I have observed good people in the marketplace, and I have observed them in government service, academia and nonprofit work. As Christians, we are called to do good wherever God has called us to be. And, sometimes, he moves you around a bit.

About Baptists

Why are you Baptist?

Being a cradle roll baby at First Baptist Church in Oklahoma City set the path of my life as a Baptist. Growing up on the preaching of Hershel Hobbs solidified it. But, it was in the church of my younger years where I began to learn what it meant to be in the church Christ built for us.

I had the love of my family, of course, but the love ordained by God from others in my church was a profound draw that kept me connected.

Theologically, the key aspects of what Baptists believe I came to accept naturally. One of the things I have learned over the years is the wideness in God’s mercy.

I could probably get comfortable in other denominations, but what Baptists have historically stood for still works for me. What some Baptists think all Baptists must stand for, not so much. I’m a soul competency, priesthood of the believer, autonomy of the local congregation, and separation of church and state kind of Baptist.

What would you change about the Baptist denomination—state, nation or local?
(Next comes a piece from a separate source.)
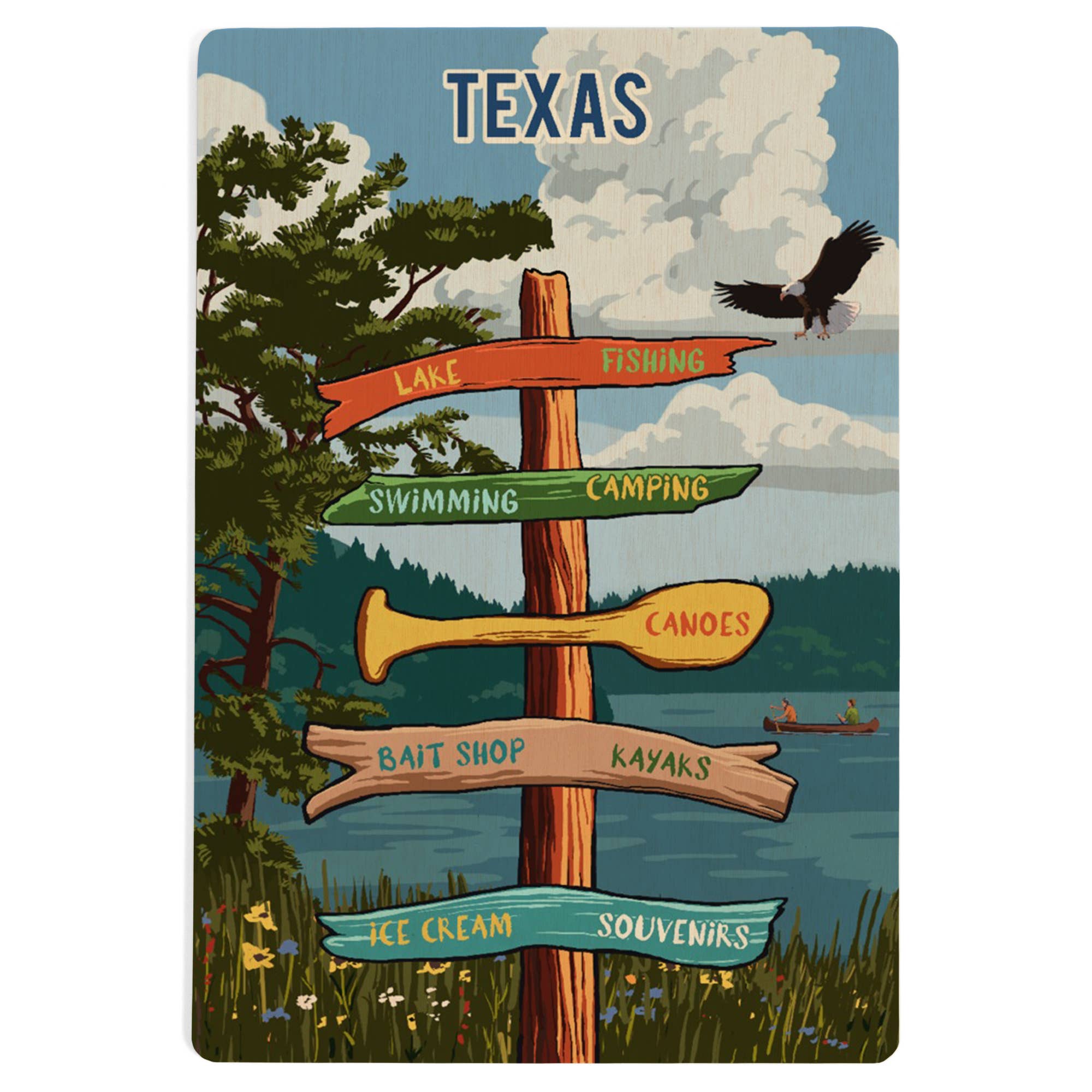 Texas State Map Wooden Postcard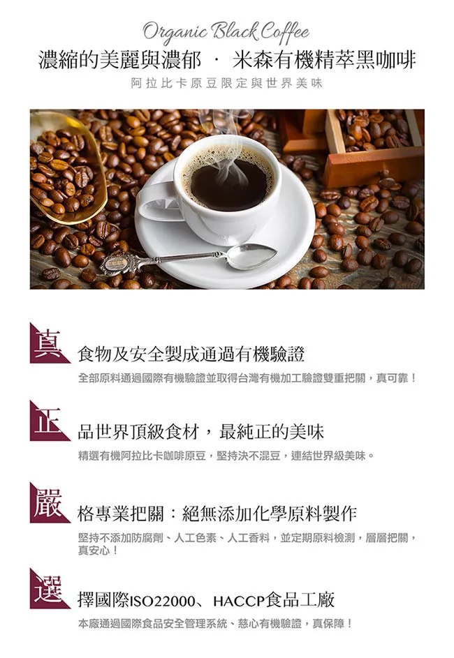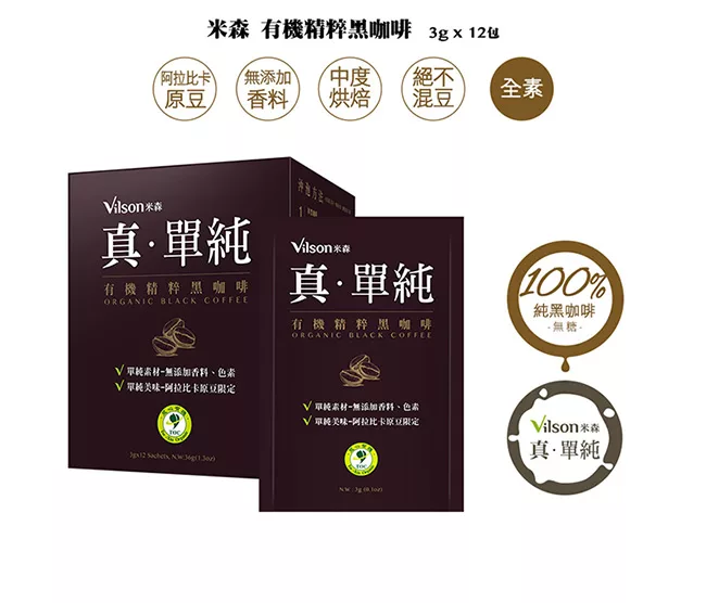 商品描述: 【米森】有機精粹黑咖啡(3g*12包/盒)

Being a Baptist is like this: The Southern Baptist Convention of 1963 adopted the Baptist Faith and Message developed under the chairmanship of my pastor, Dr. Hobbs. That summer, Hobbs taught six or eight consecutive Wednesday night prayer meetings explaining that document. I heard every one of them and thought, “Who can argue with that?”

Thirty-seven years later in the fall of 2000 at the Baptist General Convention of Texas annual meeting in Corpus Christi, I was having breakfast with my former pastor Kenneth Chafin when the speaker announced a motion would be made that the convention affirm—which it did—the 1963 Baptist Faith and Message, rather than the SBC’s 2000 Baptist Faith and Message. Chafin leaned over and whispered, in his always folksy way, “You know, if the truth be known, we don’t really need any Baptist Faith and Message.”

So, every Baptist needs to try harder to find “Baptist” in all the confusion created by his or her fellow Baptists.

About Bob

Who were/are your mentors, and how did/do they influence you?

Clif Baker, my minister of music and devoted friend during my high school and college years, who let his family become a second family to me and reinforced the role of church in my life.

Leroy Hallman, my father-in-law, who by his continual example taught me a positive outlook on everything almost always results in a positive outcome and that each person has an inherent worth and is worthy of getting to know.

Howard Lee Jr., a longtime member of South Main Baptist Church and fellow real estate lawyer with whom I shared three wonderful grandsons and who by his example—and like his father before him—taught me that helping fellow church members with issues that needed to be dealt with was a ministry I should look into.

What is your favorite Bible verse or passage? Why?

In these difficult days in our nation and in our lives, nothing comforts me more than the words of Jesus in John 16:33—“I have told you these things, so that in me you may have peace. In this world you will have trouble. But take heart! I have overcome the world.”

If you could get one “do over” in the marketplace, what would it be, and why?

I wish I realized earlier things never stay the same. I can advise my own grandchildren as they enter into their own lifeworks that things are changing so much faster than I ever experienced.

My wife and I are so grateful for the anchor to which our grandchildren and their parents are attached. Connecting to him every day is more critical than ever. Likewise, being a part of the church is not to be treated casually.